Method and device for web page classification
A web page classification and web page type technology, applied in the field of Internet communication, can solve the problem of low page classification efficiency, achieve the effect of fast and efficient classification, reduce impact, and improve user experience
- Summary
- Abstract
- Description
- Claims
- Application Information
AI Technical Summary
Problems solved by technology
Method used
Image
Examples
Embodiment 1
[0067] Considering the problem that current webpage classification methods cannot efficiently and quickly classify webpages, this embodiment provides a webpage classification method that is different from the prior art, and utilizes the structural similarity of webpage addresses (URLs) to implement webpage classification. Quick classification; such as figure 1 As shown, the web page classification method of the present embodiment specifically includes the following steps:
[0068] Step 101: Establish a feature word classifier according to a set of webpage samples. The set of webpage address samples includes: a plurality of sample webpage addresses and a webpage type corresponding to each of the sample webpage addresses.

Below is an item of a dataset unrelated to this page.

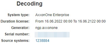 With the help of decoding, you can find out the type and the expiration date of the license, as well as what objects are allowed to be used in the system and in what quantity.
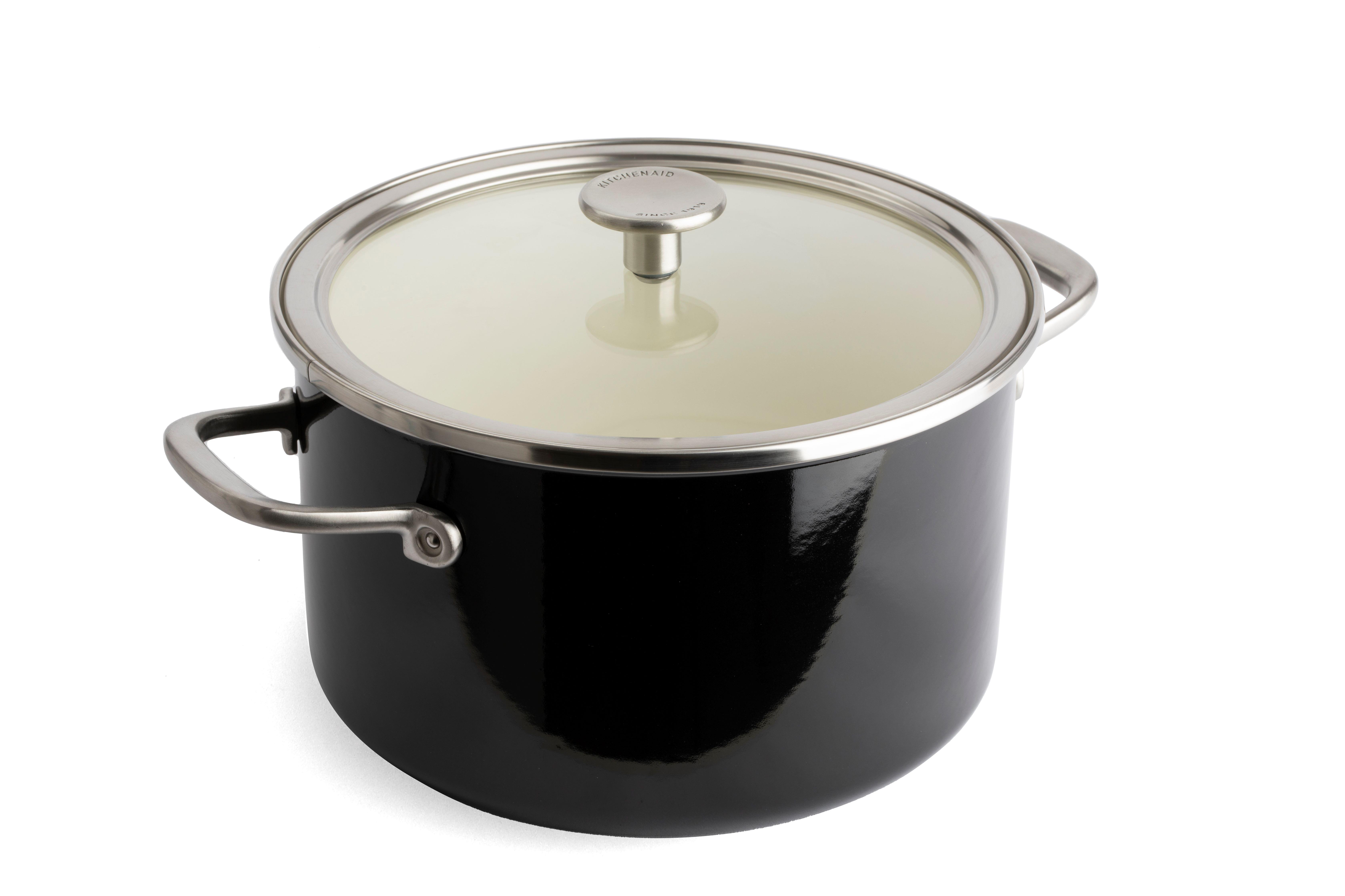 琺瑯鋼湯鍋連蓋(24厘米)黑色/奶油色

[0069] Before webpages are classified, the method of this embodiment selects some sample webpage addresses and the webpage types corresponding to the sample webpage addresses in advance; such as webpage address 1-financial affairs, webpage address 2-sports, w...
Embodiment 2
[0179] This embodiment provides a web page classification device, such as Figure 5 As shown, it includes: a feature word classifier building module, an acquisition and recognition module, a webpage address processing module, a storage module and a webpage classification module;
[0180] The characteristic word classifier establishing module is used to establish a characteristic word classifier according to a webpage sample set, and the webpage address sample collection includes: a plurality of sample webpage addresses and a webpage type corresponding to each sample webpage address.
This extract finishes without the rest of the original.